In issuing the assailed writs, in aid of its appellate jurisdiction, the COMELEC did not overstep its authority nor did it act in a capricious, whimsical or despotic manner amounting to grave abuse of discretion equivalent to lack or excess of jurisdiction.

Accordingly, I vote to DISMISS the instant petitions.



Footnotes

1 "Sec. 3. The Commission on Elections may sit en banc or in two divisions, and shall promulgate its rules of procedure in order to expedite disposition of election cases, including pre-proclamation controversies. All such election cases shall be heard and decided in division, provided that motions for reconsideration of decisions shall be decided by the Commission en banc."




Concurring Opinion

CRUZ, J.:

I concur, and would add only the following brief observations.

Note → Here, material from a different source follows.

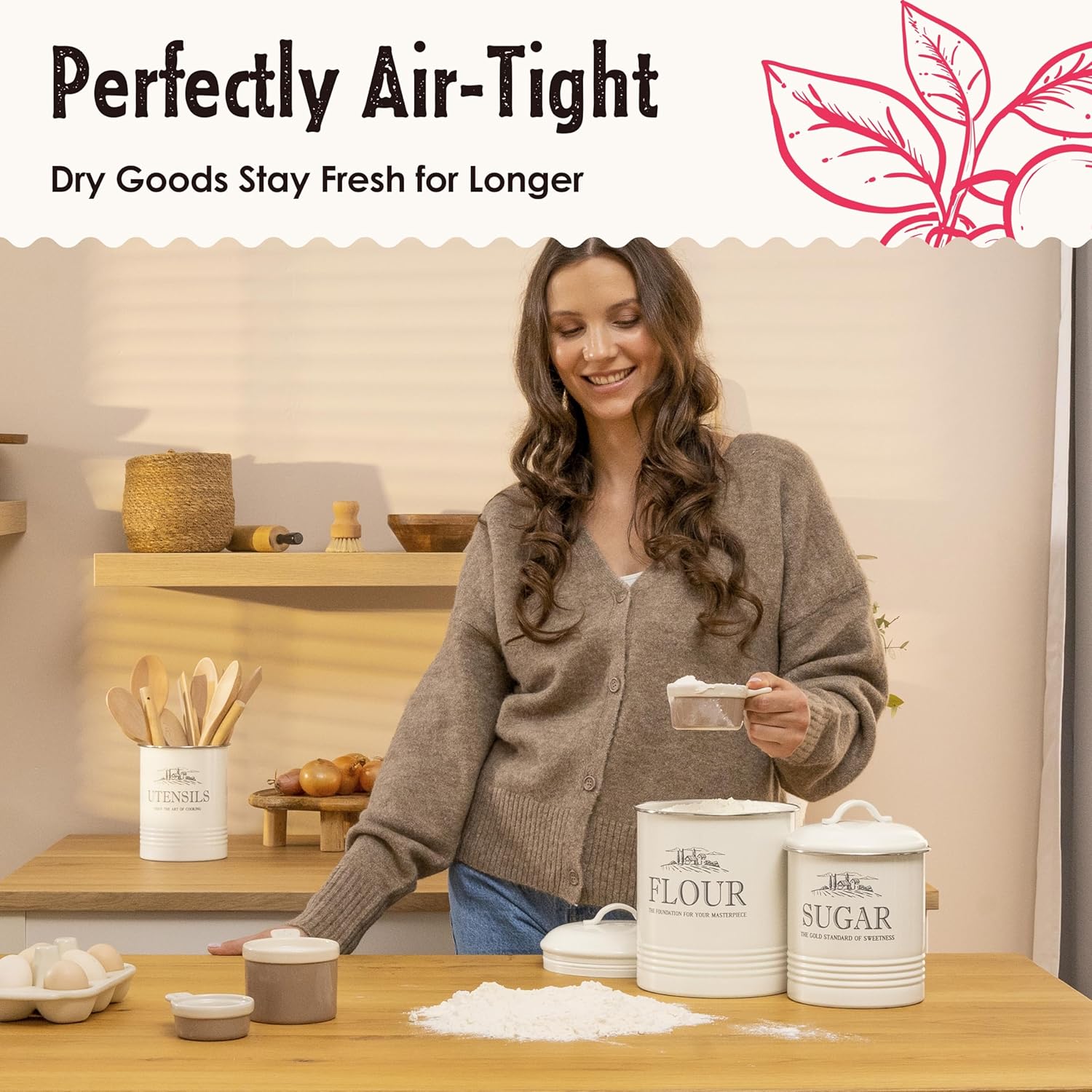 Canisters for Kitchen Counter, Set of 3 - Airtight Sugar and Flour Containers & Kitchen Utensil Holder, Rustic Farmhouse Canister Set for Kitchen Countertop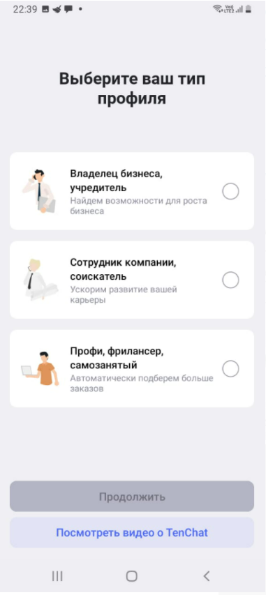 Про Тенчат заговорили многие (в моём окружении), когда Фейсбук перестал работать на территории РФ. Ну и, как говорится, все побежали и я побежал. Зарегистрировалась, чтобы посмотреть, что там. Сначала профиль "повисел" сам по себе несколько дней. Пару раз заходила и видела какой-то сбой, сбоило приложение. Потом подзабыла. Сегодня зашла ещё разок, изучить внимательнее, вдруг что упускаю. Посмотрела что к чему и, как обычно, по итогам написала короткую инструкцию по применению. Регистрация несложная. Привязка к номеру телефона. Проверка смс. Тип профиля. Важно указать ваш статус: предприниматель, фрилансер или соискатель/работаете на кого-то. Без этого вас не пустят дальше. Дальше - фото, имя, разрешение на доступ к вашим контактам. Имя обязательно. Фото можно позже загрузить. Доступ к контактам не обязательно выдавать. Дальше нужно выбрать тему (или несколько), которая вас интересует. Обратите внимание, не выбрано ничего и кнопка "добро пожаловать" серая, т.е. неактивная. Как минимум

It is argued that the competence of the Commission on Elections to issue writs of certiorari is derived from its appellate jurisdiction over cases involving elective barangay officials. I do not believe that this power can be that simply and easily implied nor am I persuaded by the cases cited, which are of American origin and have no application here. In our country, the controlling rule is found in the Constitution, which clearly says that it is only Congress that has the power to "define, prescribe and apportion the jurisdiction of the various courts," subject only to certain specified limitations. (Article VIII, Section 2). Conformably, every judicial tribunal must trace its power to issue writs of certiorari to an express authorization from the legislature and not to mere inference. I know of no such tribunal that exercises this power on the sole justification that it is an appellate court.

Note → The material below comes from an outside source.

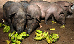 6月12日,琼海市塔洋镇农民用香蕉喂猪。海南香蕉由于受到各种因素影响,近期价格持续低迷,让蕉农一筹莫展。本报记者:赵颖全

The Supreme Court itself derives its power to issue writs of certiorari not by implication only from its appellate jurisdiction but by an express grant in Article VIII, Section 5 of the Constitution.⌊aшΡhi⌊ Furthermore, it may exercise this power only "as the law or rules of Court may provide" under paragraph 2 of that section, which means that the conferment is not automatic or self-executing. Without such implementation, this Court is powerless to issue writs of certiorari in the appealed cases mentioned in that provision even if it is the highest court in the land.

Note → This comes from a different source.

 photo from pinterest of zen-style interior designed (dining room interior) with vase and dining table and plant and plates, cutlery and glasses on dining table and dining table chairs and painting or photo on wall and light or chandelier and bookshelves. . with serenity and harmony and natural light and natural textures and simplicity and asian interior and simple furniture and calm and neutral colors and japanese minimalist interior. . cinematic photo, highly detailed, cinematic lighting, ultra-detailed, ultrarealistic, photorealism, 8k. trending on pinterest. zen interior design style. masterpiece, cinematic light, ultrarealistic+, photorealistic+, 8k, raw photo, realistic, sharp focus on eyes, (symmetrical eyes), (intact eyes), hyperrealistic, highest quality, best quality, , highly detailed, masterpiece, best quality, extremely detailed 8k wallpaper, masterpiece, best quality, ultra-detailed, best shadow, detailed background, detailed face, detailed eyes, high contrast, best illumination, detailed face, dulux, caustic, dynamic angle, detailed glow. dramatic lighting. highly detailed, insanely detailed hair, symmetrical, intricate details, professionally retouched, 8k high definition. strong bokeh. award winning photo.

We cannot be less strict with the Commission on Elections, which is essentially only an administrative body. If even the Supreme Court itself can be so inhibited by no less than the Constitution, I see no logic in allowing the Commission on Elections a wider latitude in the exercise of what is clearly a judicial power. And on such a fragile ground. While I may concede that this agency can exercise the power if expressly allowed by the legislature, I reject the notion that it can claim such jurisdiction by mere implication.